Focusing on space management will maximize and drive incremental sales at the store shelf.
Over the past decades, we have observed considerable innovative advancement in many of our daily tools. From phones and cars to how we shop and watch television, they have all been reinvented in much more imaginative ways and have become simplified and intelligent. At the same time, they opened a world of new opportunities, each on its own. This is normal. What is abnormal is the speed at which we are seeing innovation take place. This is opening a world of opportunities daily for startups to disrupt.
All is true except in category management. Innovation has been fragmented and highly repetitive. The most challenging and most stagnating component is space management. It has gone through two decades of more of the same, just with different platforms, different skin and different lipstick. This type of advancement isn’t innovation. Space management is way overdue for a “burn the boats” approach – a whole new way of thinking.
[Read more: "Innovating Category Management: Listening Through Imagery"]
What Is It?
Focusing on space management or building planograms and supporting tools for building these visual schematics and all of the components around them will maximize and drive incremental sales at the store shelf. This seems simple and harmless enough, but not quite. In addition to working with sales data and many other sources, the most complicated of them all is the space component of determining the product location and real estate on the shelf. The complication comes from balancing the art and science of building a schematic, not to mention all the negotiation aspects of getting a product to the shelf.
How We Got Here
The tools evolved and advanced through the years, but the process remained focused on moving boxes on the shelf and manipulating facings. Many careers were built literally by moving boxes on a digital shelf, analyzing and considering sales performance data from chain to store level, and mainly using rules and formulas to generate a planogram for the optimal shopping experience for that chain and store.
This was a laborious effort, especially when the localization of planograms became the norm. Expanded customization, scripting and formula-based rules capabilities in core solutions were needed to solve this problem. This mainly consisted of automating repetitive tasks without the benefits of artificial intelligence (AI) advancements.
Those responsible for the birth of category management, and who built the industry from day one, still influence it decades later. The ingenuity and discipline they introduced to retail are everlasting. Here’s Dr. Brian Harris’ view of the current state of category management: “The industry focus on automation of repetitive tasks held it back. We must think of ways to leverage AI and deliver meaningful solutions. New technologies available can enable scale, speed and accuracy to advance well beyond legacy approaches.”
Things Are Changing
We are starting to see a wave of change in user expectations. Can you imagine a recent graduate using a ’70s- or ’80s-style tool to spend their day moving boxes on a digital shelf? It’s time to pass the baton and give new thinking a chance.
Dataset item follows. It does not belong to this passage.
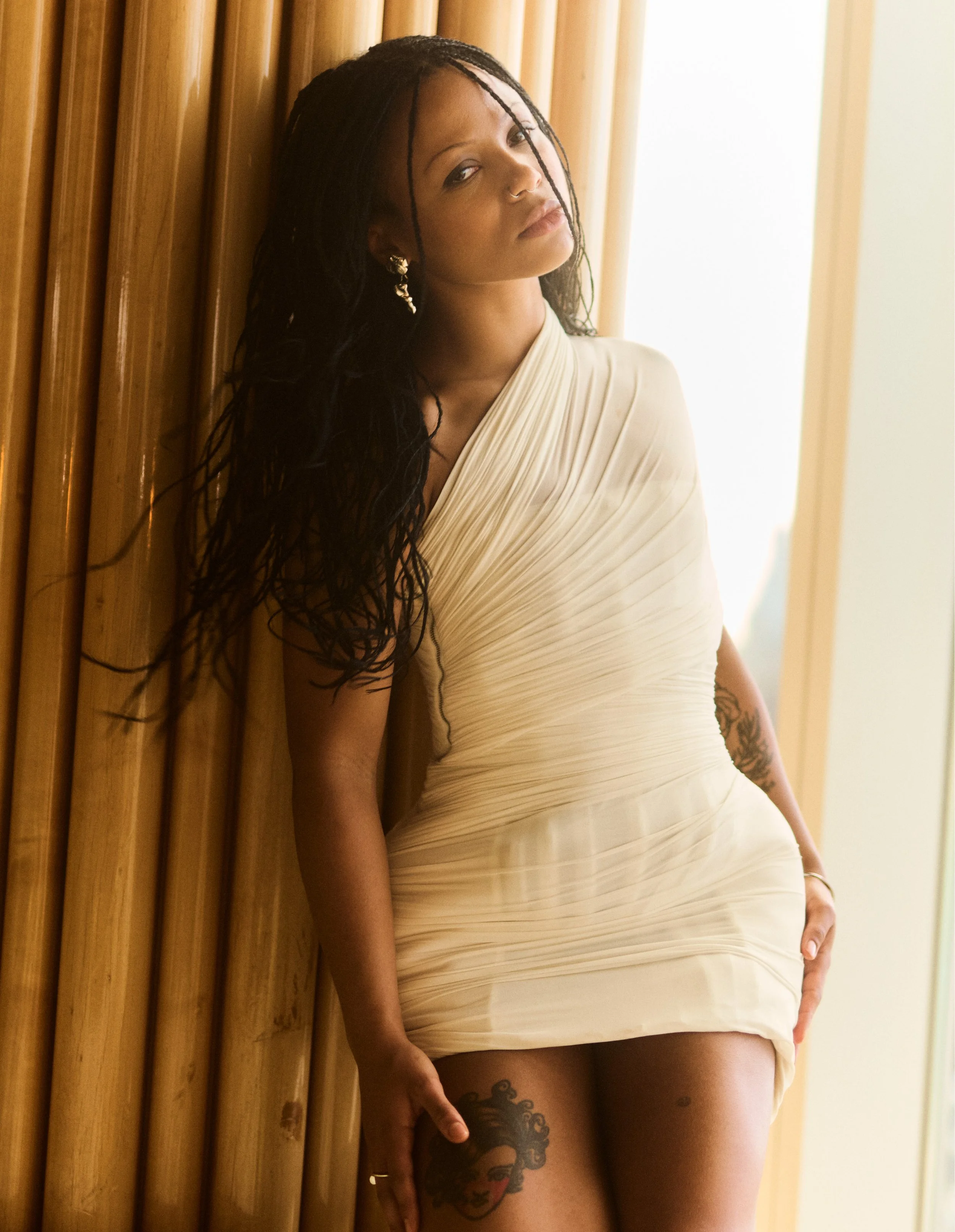 Myha’la wears: top and skirt ELIE SAAB, ring and bracelet PANDORA, shoes AERA. Ken wears: total look DUNHILL.

Several emerging solutions from innovators are showing promise and introducing new approaches. I’ve highlighted a few in the next paragraph. This needs to be more comprehensive, but I hope it provides a window of possibilities to consider and support.
Companies like 345 Global are rethinking the end-to-end category management solution. Cantactix and Nuqleous built automation to simplify the use of space management tools. The MerchLogix store solution now includes cloud-based floor planning and space planning.
The Future of Space
For years, plans have been primarily based on historical data, but data has become more granular and available over time. The challenge consistently has been that space-to-sales analysis is based on space plans rather than on actuals. It was deemed good enough for several reasons. With the growing adoption of cameras and robotic data collection at the store level, however, an AI-driven space management solution will be possible and reliable. Relying on humans to manually move boxes on shelves or scripting automation and rules will slowly take a backseat to more intelligent systems able to learn and adjust more rapidly than any overengineered system that we currently have. How are solution providers getting ready for that day?
For leaders, it’s time to unleash and reclaim the creativity that helped build your market share and start to foster innovation internally and with others in the market in a collaborative, nurturing way. Yes, it makes a difference.
For newcomers, the market is ripe and has long awaited a fresh approach. This is resonating globally. Collaborate and partner where possible. The old rules and preconceived status quo are changing. Retailers are more open and willing to explore and consider new solutions than ever before.
Now is the time to take advantage of this opportunity. The company that can provide genuine AI capabilities for planogram solutions will significantly disrupt an industry that desperately needs innovation. This will result in a more efficient way to scale and increase speed and accuracy, ultimately providing customer satisfaction at the shelf.